Aim of the exercise » Although the data holds pictures, return only the lines from the one containing "Mit einem Klick" to the end, exactly, and without them.

Recorded data »
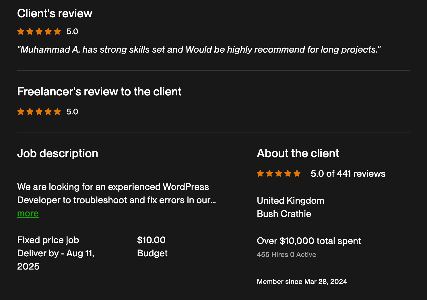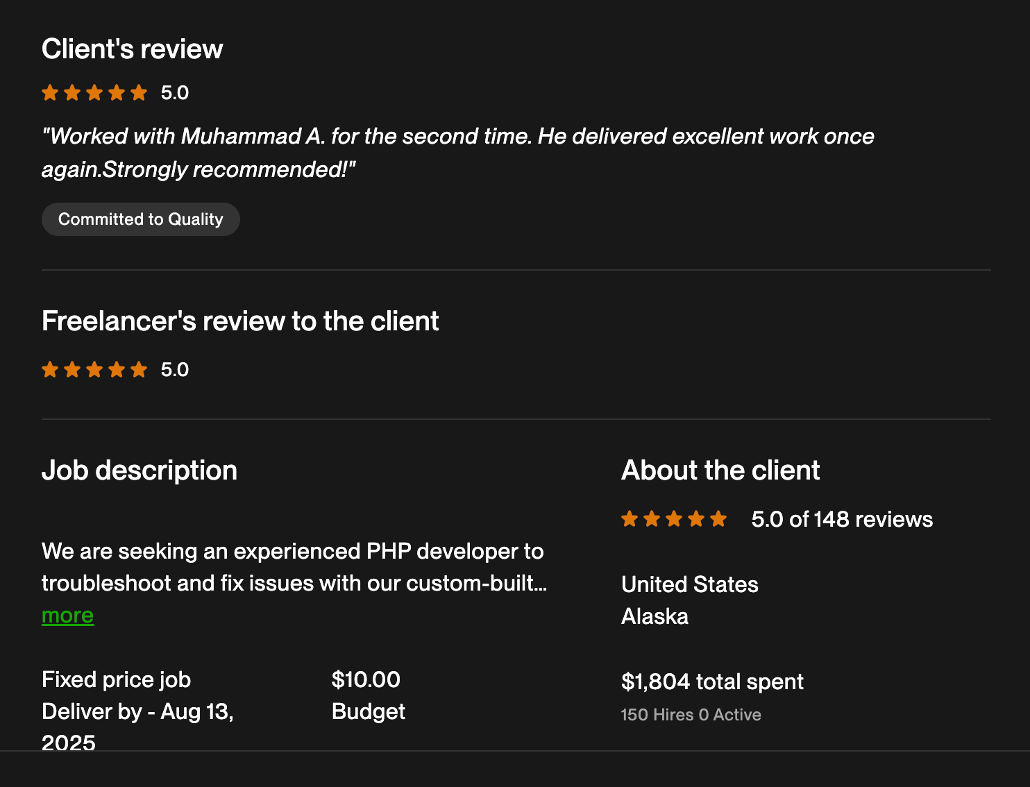 Muhammad A. has strong skills set and Would be highly recommend for long projects
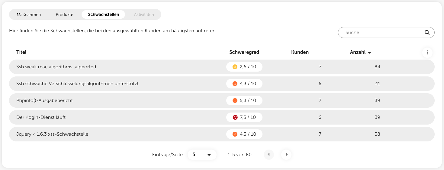 Mit einem Klick auf den Tab “Schwachstellen” gelangen Sie zu einer Auflistung der häufigsten Schwachstellen innerhalb der gewählten Kundengruppe. Auch hier können Sie auf die Metriken in einer Zeile klicken, um die Detailansicht zu öffnen und weitere Informationen dazu zu erhalten.
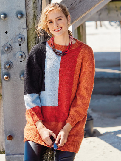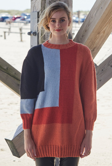 Fast wie ein Kunstwerk von Mondrian mutet dieser Pullover mit großzügigen Farbflächen. Es dominiert in Orange, das auch für die Bündchen und die Blende zum Einsatz kommt. Hellrot, Hellgrau und Schwarz bilden die L-förmigen eingestrickten Flächen. Bündchen und Halsblende sind in 2/2-Rippen gearbeitet, ansonsten wird nur glatt rechts in der sogenannten Intarsientechnik (bei der lediglich beim Farbwechsel in der Reihe die beiden Fäden miteinander verkreuzt werden müssen) gestrickt. Die Ärmel sitzen perfekt, dank Armkugel. Eine Anleitung gibt es für drei Größen: 36/38, 40/42 und 44/46.

Response for this exercise »
 Mit einem Klick auf den Tab “Schwachstellen” gelangen Sie zu einer Auflistung der häufigsten Schwachstellen innerhalb der gewählten Kundengruppe. Auch hier können Sie auf die Metriken in einer Zeile klicken, um die Detailansicht zu öffnen und weitere Informationen dazu zu erhalten.
 Fast wie ein Kunstwerk von Mondrian mutet dieser Pullover mit großzügigen Farbflächen. Es dominiert in Orange, das auch für die Bündchen und die Blende zum Einsatz kommt. Hellrot, Hellgrau und Schwarz bilden die L-förmigen eingestrickten Flächen. Bündchen und Halsblende sind in 2/2-Rippen gearbeitet, ansonsten wird nur glatt rechts in der sogenannten Intarsientechnik (bei der lediglich beim Farbwechsel in der Reihe die beiden Fäden miteinander verkreuzt werden müssen) gestrickt. Die Ärmel sitzen perfekt, dank Armkugel. Eine Anleitung gibt es für drei Größen: 36/38, 40/42 und 44/46.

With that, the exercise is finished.